Return all of the entries word for word, but omit the pictures they contain.

[Start of Attachment]

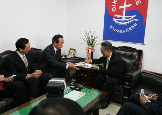 새로 선출된 한나라당 정몽준 대표가 한국기독교교회협의회(NCCK)를 내방했다. 정 대표를 맞이한 NCCK 권오성 총무는 “한나라당 대표최고위원이 된 것을 축하한다”며 “어려운 이웃을 돌보고 봉사하는 것이 정치인의 의무이기에 사회 약자를 돌보는데 노력해 달라”고 요청했다.
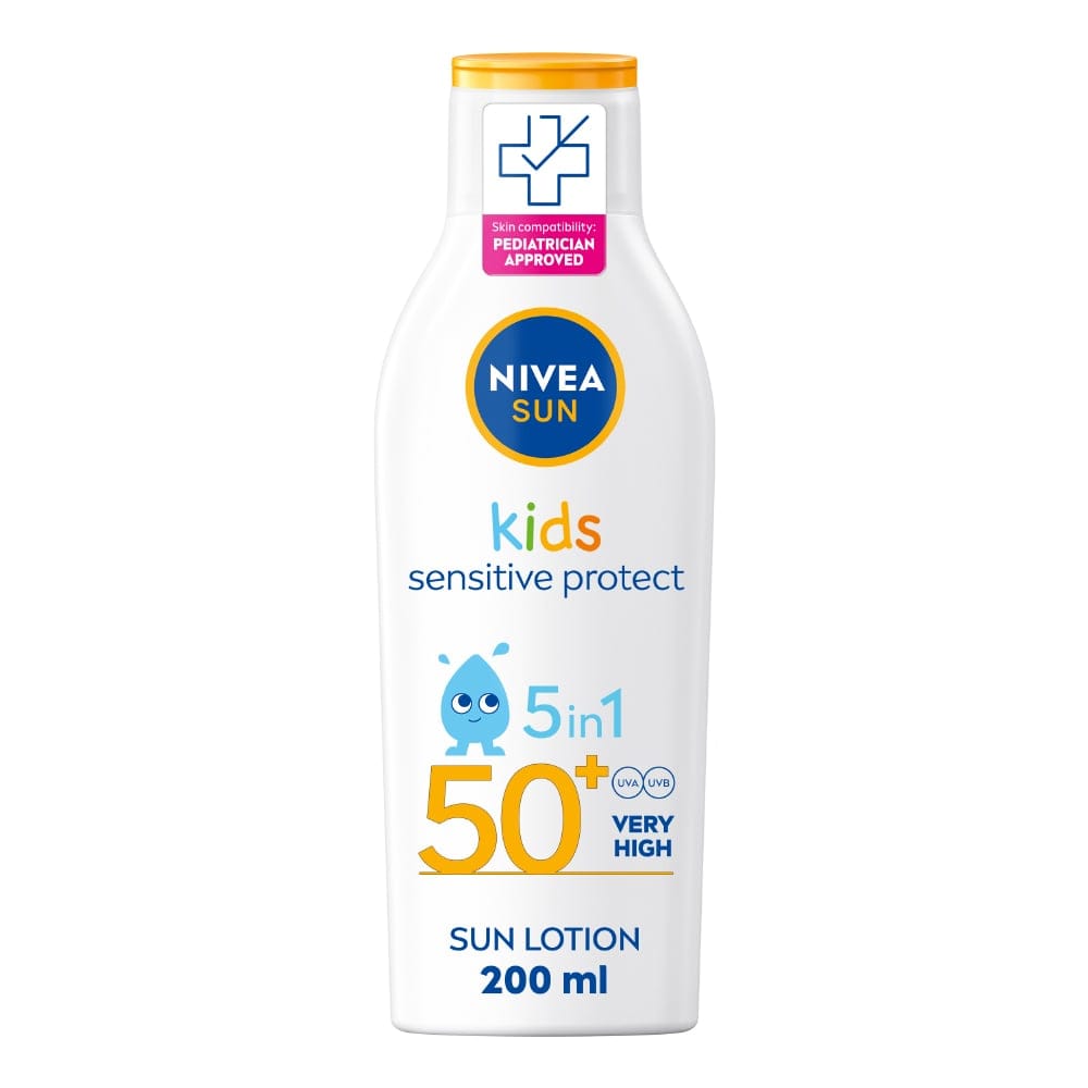 NIVEA SUN Kids Sensitive Protect & Play Sun Lotion SPF 50+ är solskyddskräm med mycket högt solskydd. Speciellt anpassad till barns känsliga hud, även eksembenägen hud. Dessutom minskar detta solskydd risken för solallergier. Ger ett omedelbart skydd mot UVA- och UVB-strålar och har en formula som innehåller ekologisk kamomill. Skyddar mot solbränna och långvariga hudskador. Den snabbt absorberande formulan är oparfymerad och extra vattenresistent. Detta NIVEA solskydd för barn är dermatologiskt testad och godkänd av barnläkare. Denna solkräm med Ocean Respect-formulan är 62% biologiskt nedbrytbar och fri från UV-filtren Octinoxate, Oxybenzone och Octocrylene. 50% återvunnen flaska (exklusive lock och etikett). Njut av lek, bad och familjetid!
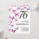 Invitation d'anniversaire 76 ans papillon en rose/
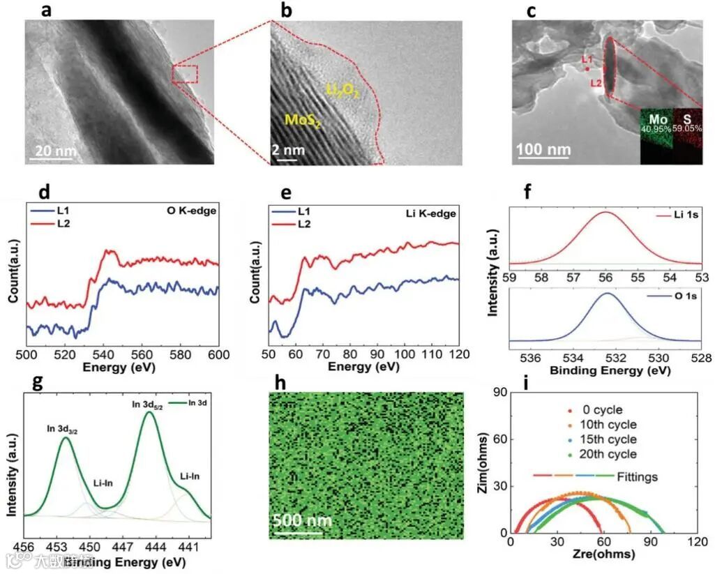 Li-O2电池在环境空气中的元素分布和化学成分表征。a,b) 放电阴极的低分辨率和高分辨率 TEM 图像,显示了沉积在 MoS2阴极上的Li2O2 c) 第 10 次放电后阴极表面的 STEM 图像。d,e) Li2O2的EELS 光谱在第 10 次放电后的阴极表面d) O-K 边缘和 e) Li-K 边缘。f) 第 10 次放电后阴极的 XPS。g) 在环境空气中第 10 次循环后锂负极上 In 3d 区域的 XPS。h) 铟元素阳极的俯视SEM-EDX成分图。i) 未循环和循环后阳极表面的 EIS 测量和拟合数据。点代表实验数据,线代表拟合数据。
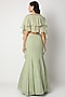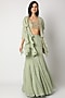 Featuring a pistachio bustier in pure georgette base with mirror embroidery. It is paired with a matching foil skirt, a cape, and a belt and neon pink tassels.
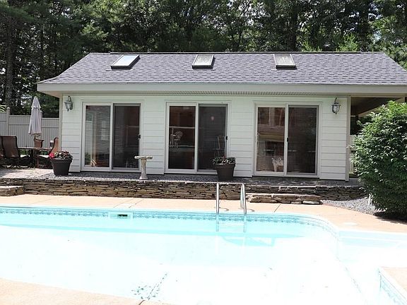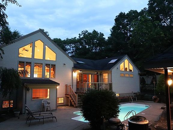 Entertainers and hobbyists alike will not be disappointed here! Spectacular custom builder's home. Custom details throughout, wrapped beams, stone walls, built-ins, extravagant trim and high end finishes make this home one of a kind. Solid maple kitchen w/granite & stainless. Great room with cathedral ceilings, oak bar, gas fireplace, dining room, family room & pool table! Indoor hot tub. Master suite with his/her closets & custom tile shower. Indoor and outdoor audio systems and a home theater room with 10 foot screen & 7.1 sound system! Custom wrap-around built-in corian desk office. In-ground heated pool with neighboring cabana and hard-lined gas grill. Central air, radiant & baseboard heat. Kinetico water filtration system. 30x40 garage finished and heated with in-law potential above. Additional 12x24 garage! Koi pond, irrigation, stone walls and beautiful trees on this private retreat lot convenient to Rt 44, 3, 495 & MBTA.
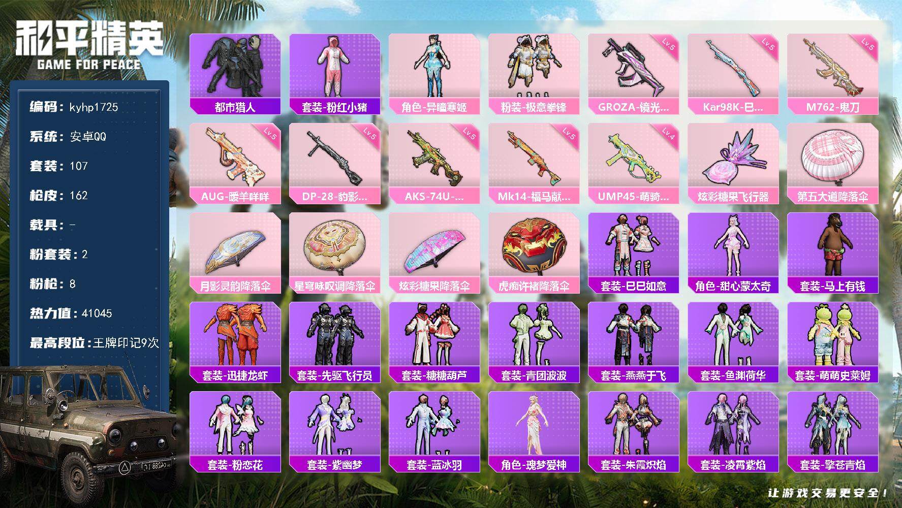 PX_2554905--2粉装-8特效枪-0载具-1粉色飞行器-41045热力值-9王牌印记-107套装-162枪皮 【热门品类】:套装-都市猎人,套装-粉红小猪 【粉色套装】:角色-异瞳寒姬,粉装-极意拳锋 【粉色枪皮等级】:GROZA-镜光银凌(五级),AUG-暖羊咩咩(五级),M762-鬼刀(五级),UMP45-萌骑冒险(四级),AKS-74U-森灵之息(五级),Kar98K-巳巳如意(五级),Mk
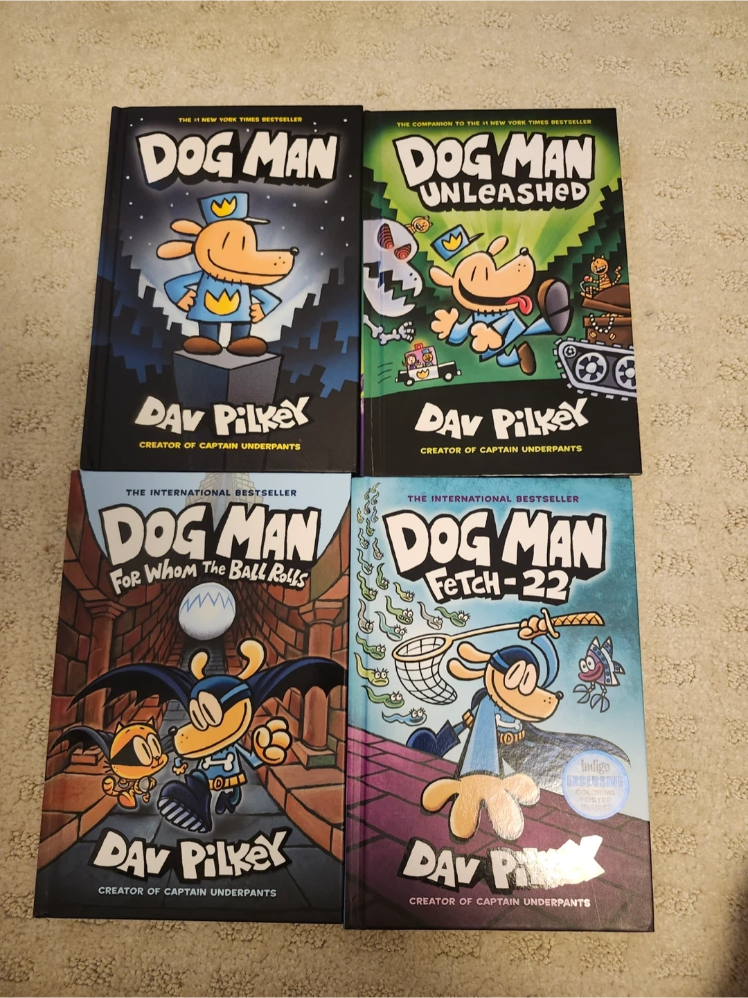 Four Dog Man books by Dav Pilkey. Includes Dog Man, Dog Man Unleashed, Dog Man for Whom the Ball Rolls, and Dog Man Fetch-22. I’m willing to negotiate lower prices or individual copies

[End of Attachment]

▸ Reply to the exercise
 새로 선출된 한나라당 정몽준 대표가 한국기독교교회협의회(NCCK)를 내방했다. 정 대표를 맞이한 NCCK 권오성 총무는 “한나라당 대표최고위원이 된 것을 축하한다”며 “어려운 이웃을 돌보고 봉사하는 것이 정치인의 의무이기에 사회 약자를 돌보는데 노력해 달라”고 요청했다.
 NIVEA SUN Kids Sensitive Protect & Play Sun Lotion SPF 50+ är solskyddskräm med mycket högt solskydd. Speciellt anpassad till barns känsliga hud, även eksembenägen hud. Dessutom minskar detta solskydd risken för solallergier. Ger ett omedelbart skydd mot UVA- och UVB-strålar och har en formula som innehåller ekologisk kamomill. Skyddar mot solbränna och långvariga hudskador. Den snabbt absorberande formulan är oparfymerad och extra vattenresistent. Detta NIVEA solskydd för barn är dermatologiskt testad och godkänd av barnläkare. Denna solkräm med Ocean Respect-formulan är 62% biologiskt nedbrytbar och fri från UV-filtren Octinoxate, Oxybenzone och Octocrylene. 50% återvunnen flaska (exklusive lock och etikett). Njut av lek, bad och familjetid!
 Invitation d'anniversaire 76 ans papillon en rose/
 Li-O2电池在环境空气中的元素分布和化学成分表征。a,b) 放电阴极的低分辨率和高分辨率 TEM 图像,显示了沉积在 MoS2阴极上的Li2O2 c) 第 10 次放电后阴极表面的 STEM 图像。d,e) Li2O2的EELS 光谱在第 10 次放电后的阴极表面d) O-K 边缘和 e) Li-K 边缘。f) 第 10 次放电后阴极的 XPS。g) 在环境空气中第 10 次循环后锂负极上 In 3d 区域的 XPS。h) 铟元素阳极的俯视SEM-EDX成分图。i) 未循环和循环后阳极表面的 EIS 测量和拟合数据。点代表实验数据,线代表拟合数据。
 Featuring a pistachio bustier in pure georgette base with mirror embroidery. It is paired with a matching foil skirt, a cape, and a belt and neon pink tassels.
 Entertainers and hobbyists alike will not be disappointed here! Spectacular custom builder's home. Custom details throughout, wrapped beams, stone walls, built-ins, extravagant trim and high end finishes make this home one of a kind. Solid maple kitchen w/granite & stainless. Great room with cathedral ceilings, oak bar, gas fireplace, dining room, family room & pool table! Indoor hot tub. Master suite with his/her closets & custom tile shower. Indoor and outdoor audio systems and a home theater room with 10 foot screen & 7.1 sound system! Custom wrap-around built-in corian desk office. In-ground heated pool with neighboring cabana and hard-lined gas grill. Central air, radiant & baseboard heat. Kinetico water filtration system. 30x40 garage finished and heated with in-law potential above. Additional 12x24 garage! Koi pond, irrigation, stone walls and beautiful trees on this private retreat lot convenient to Rt 44, 3, 495 & MBTA.
 PX_2554905--2粉装-8特效枪-0载具-1粉色飞行器-41045热力值-9王牌印记-107套装-162枪皮 【热门品类】:套装-都市猎人,套装-粉红小猪 【粉色套装】:角色-异瞳寒姬,粉装-极意拳锋 【粉色枪皮等级】:GROZA-镜光银凌(五级),AUG-暖羊咩咩(五级),M762-鬼刀(五级),UMP45-萌骑冒险(四级),AKS-74U-森灵之息(五级),Kar98K-巳巳如意(五级),Mk
 Four Dog Man books by Dav Pilkey. Includes Dog Man, Dog Man Unleashed, Dog Man for Whom the Ball Rolls, and Dog Man Fetch-22. I’m willing to negotiate lower prices or individual copies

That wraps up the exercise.